The firmness of ripe mango fruits was measured with the help of the TA-XT Plus Texture Analyzer (Stable Micro Systems, UK). A 2.0 mm diameter stainless steel cylinder probe was used for the test in compression mode using the load cell of 5 kg capacity. Fruit firmness was expressed in Newton (N). Firmness was measured at three points (shoulder, middle, and bottom) of the fruits of each individual and parents ( Figure 1 ) with pre-test, test, and post-test speeds of 5, 2, and 10 mm/s, respectively (Jha et al., 2006; Jha et al., 2010). During the compression of mango fruit by the cylinder probe, firmness was determined by the highest force recorded in the force-time curve recorded by the Texture Analyzer.
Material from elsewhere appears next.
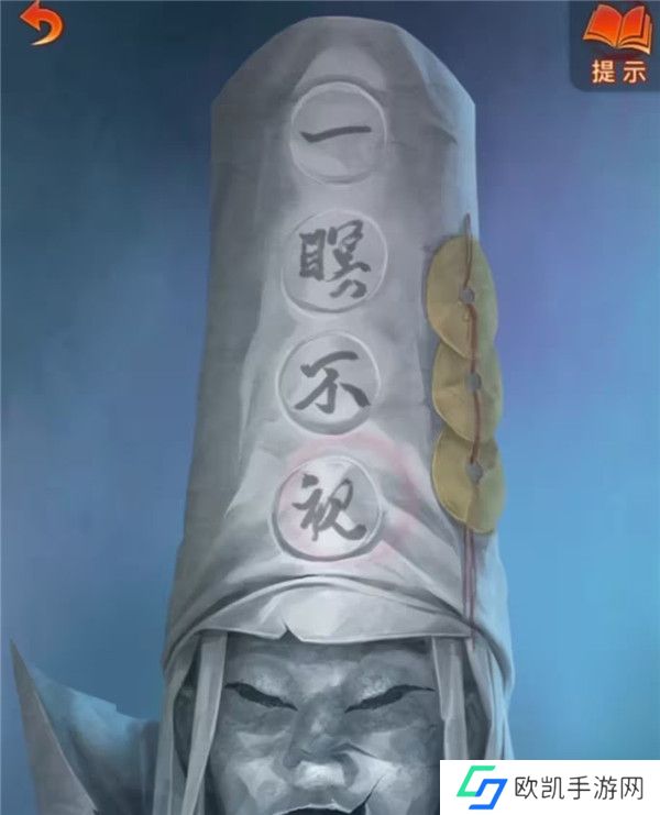 22、**道士消失后记得查看一下地上掉落的东西,是他的帽子,里面还有几根头发,这样黑心的头发不就有了,再加上纸人是无心的,回到阴阳牢,查看一下牢房,将黑心头发放在八不郎左边,纸人头发放在八不郎右边,然后就从桶里拿到钥匙了,对牢房使用钥匙开门,看剧情本章结束。

The first peak in the texture curve was taken as peel firmness. The average force between the first and second anchors was used to calculate the flesh firmness. Fruit color and firmness concerning individual progenies were observed under three replications having a minimum of three fruits per replication. The data on various parameters were subjected for Qstats analysis to know the basic quantitative statistics, viz., mean, variance, standard deviation, skewness, kurtosis, and average deviation. To test the normal distribution of traits in the mapping population, a test of normality was performed, and the critical values for rejection were 5.99 and 9.21 for the tests at the 5% and 9% levels of probability, respectively.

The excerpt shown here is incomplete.